[Date Prev][Date Next][Thread Prev][Thread Next][Date Index][Thread Index]
Mon, 16 Apr 2007 21:02:48 -0400
On Tue, Apr 17, 2007 at 08:28:18AM +0800, John Darrington wrote:
> On Mon, Apr 16, 2007 at 01:53:54PM -0400, Jason Stover wrote:
> On Mon, Apr 16, 2007 at 11:10:43AM +0800, John Darrington wrote:
> > If we were to follow approach 2, am I right in thinking that the
> > 'interaction' data structure could be as large as the number of
> > cases in the casefile?
> No. It would have either a hash of possible values (all unique), or a
> small function to get back and forth between a union value and a
> binary vector.
> So, given an interaction involving N variables, from a datafile with M
> observations, what is the upper bound on the size of this hash ?
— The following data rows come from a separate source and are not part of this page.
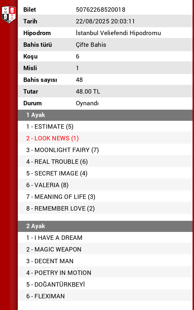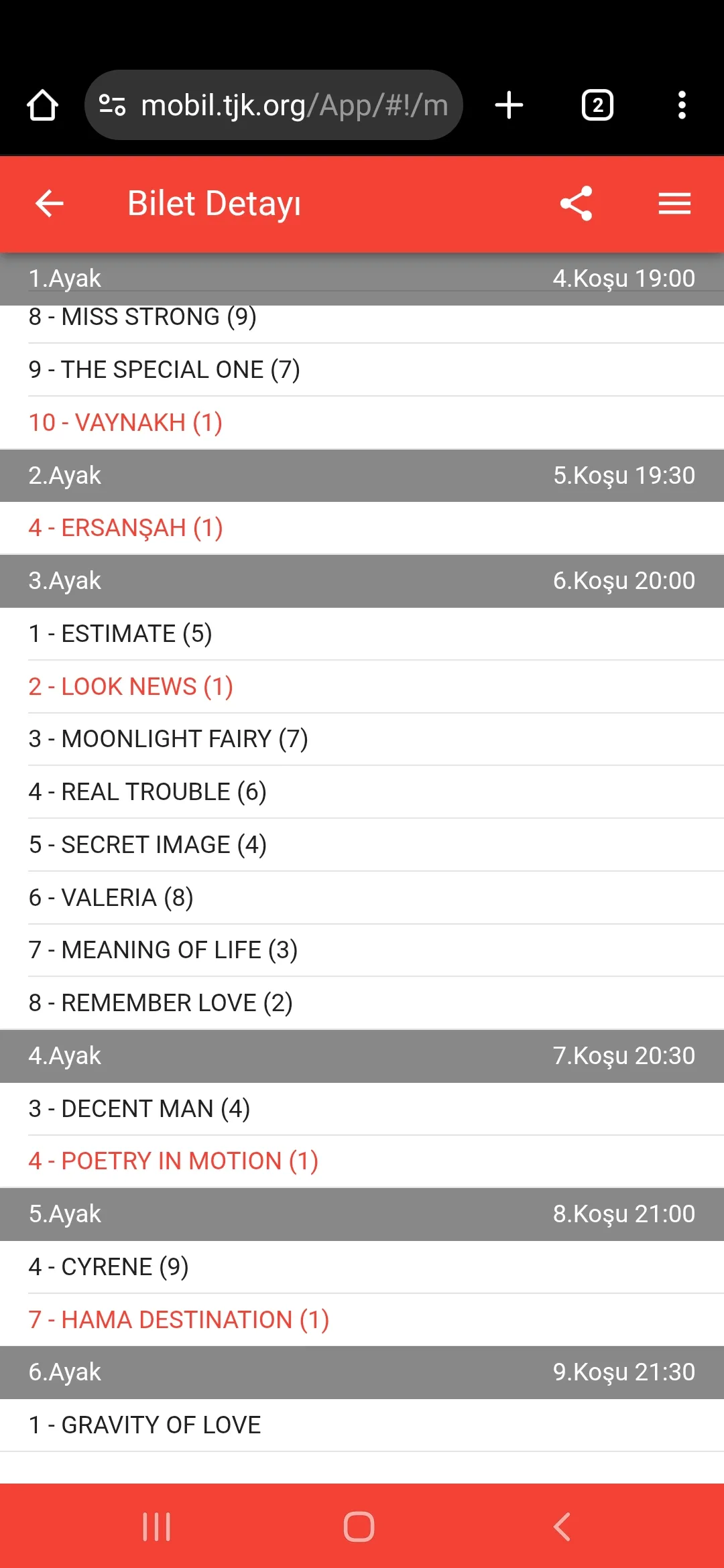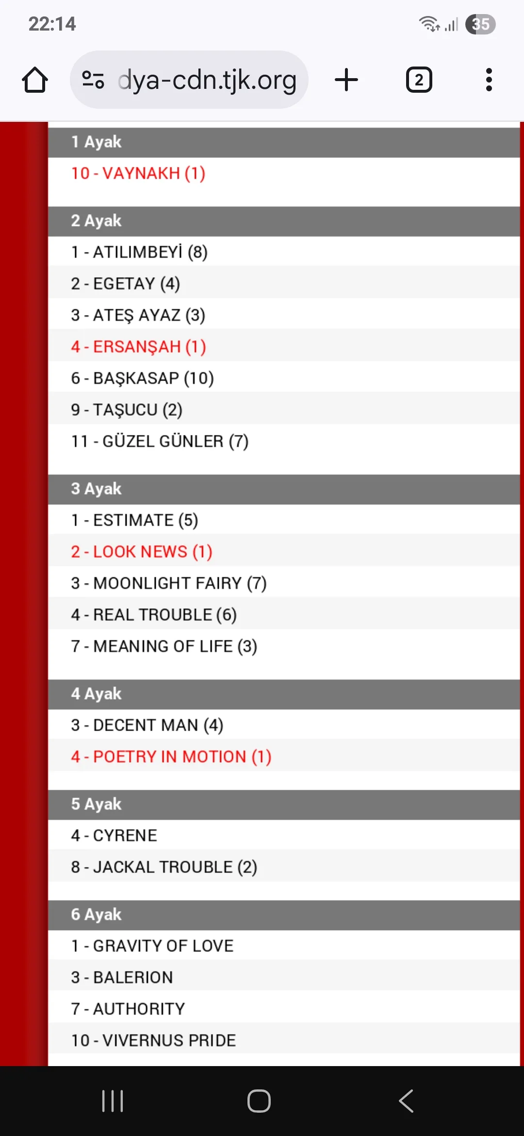 3.AYAK :  1 ESTIMATE kazanması lazım ama kilo falan bir de karataş bu aralar formsuz  7 MEANING OF LIFE 2 LOOK NEWS 4 REAL TROUBLE  rakip olurlar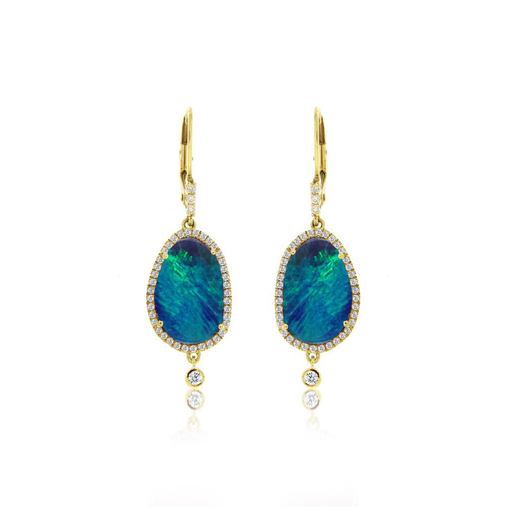 14kt Yellow Gold Opal Diamond Earings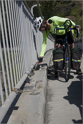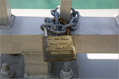 Denise reads some of the "bonds of love" engraved on padlocks attached to the Sea Cliff Bridge.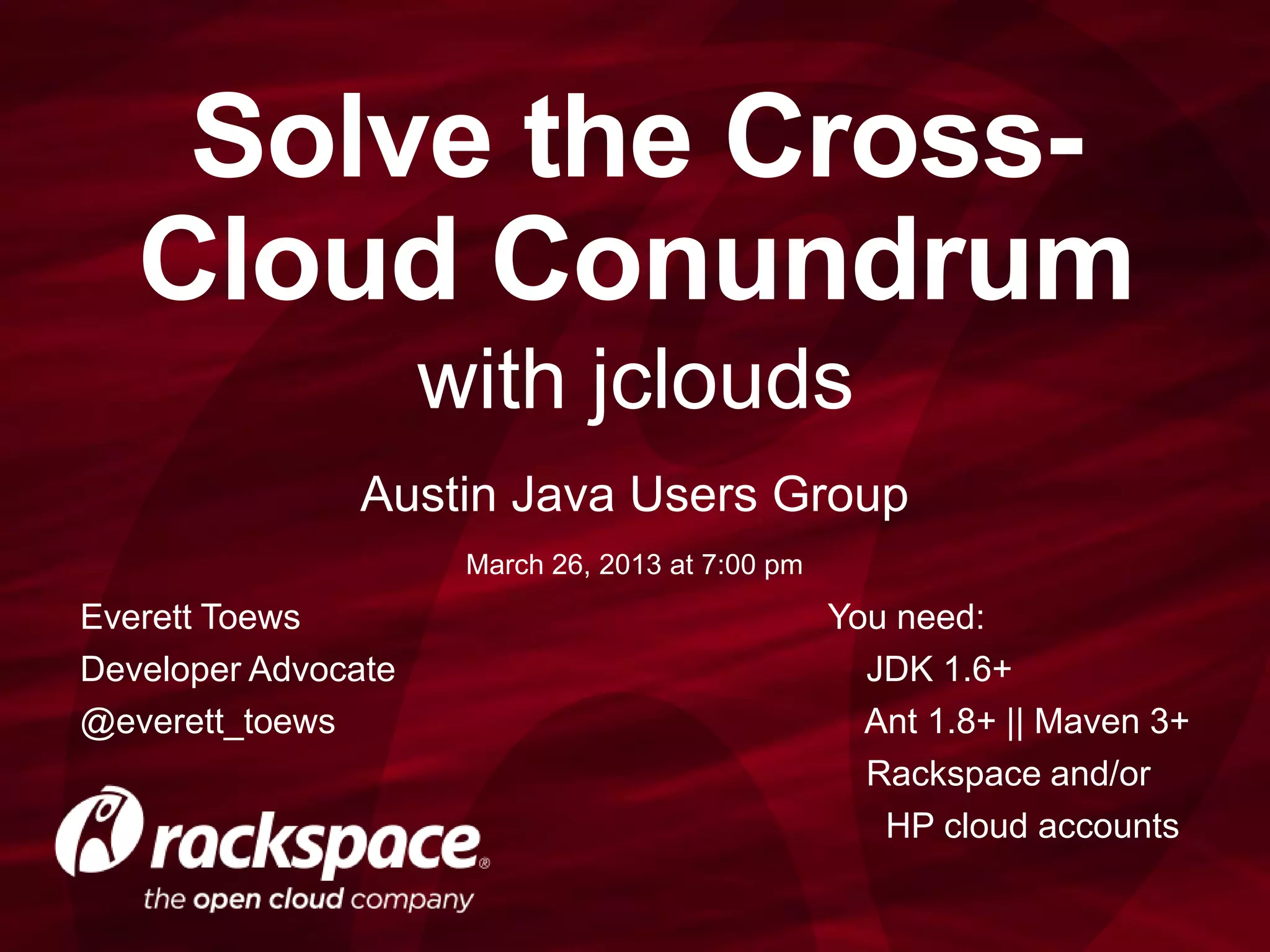 This document summarizes a presentation by Everett Toews on using jclouds to access multiple cloud providers. The presentation introduces jclouds, an open source toolkit that provides a common API for interacting with various cloud platforms. It then covers setting up accounts with Rackspace and HP cloud and discusses basic cloud terminology. The agenda includes an overview of jclouds, a compute example, and next steps for learning more.

That depends on the number of distinct values of the variables. If
you have 2 categorical variables, one with n possible values and the
other with m, the hash would need n*m-1 entries. With k variables and
n1, n2,...,nk distinct possible values, the number of entries would be
n1*n2*...*nk - 1. Only in unusual circumstances would k be larger
than 3, and almost never largers than 4, but that is how people
"should" use interactions. But some users could make a lot more
interactions, making that hash very large.
If the variables are numeric, then the interaction is just their
product. If one is numeric and one categorical, then the interaction
is the scalar product.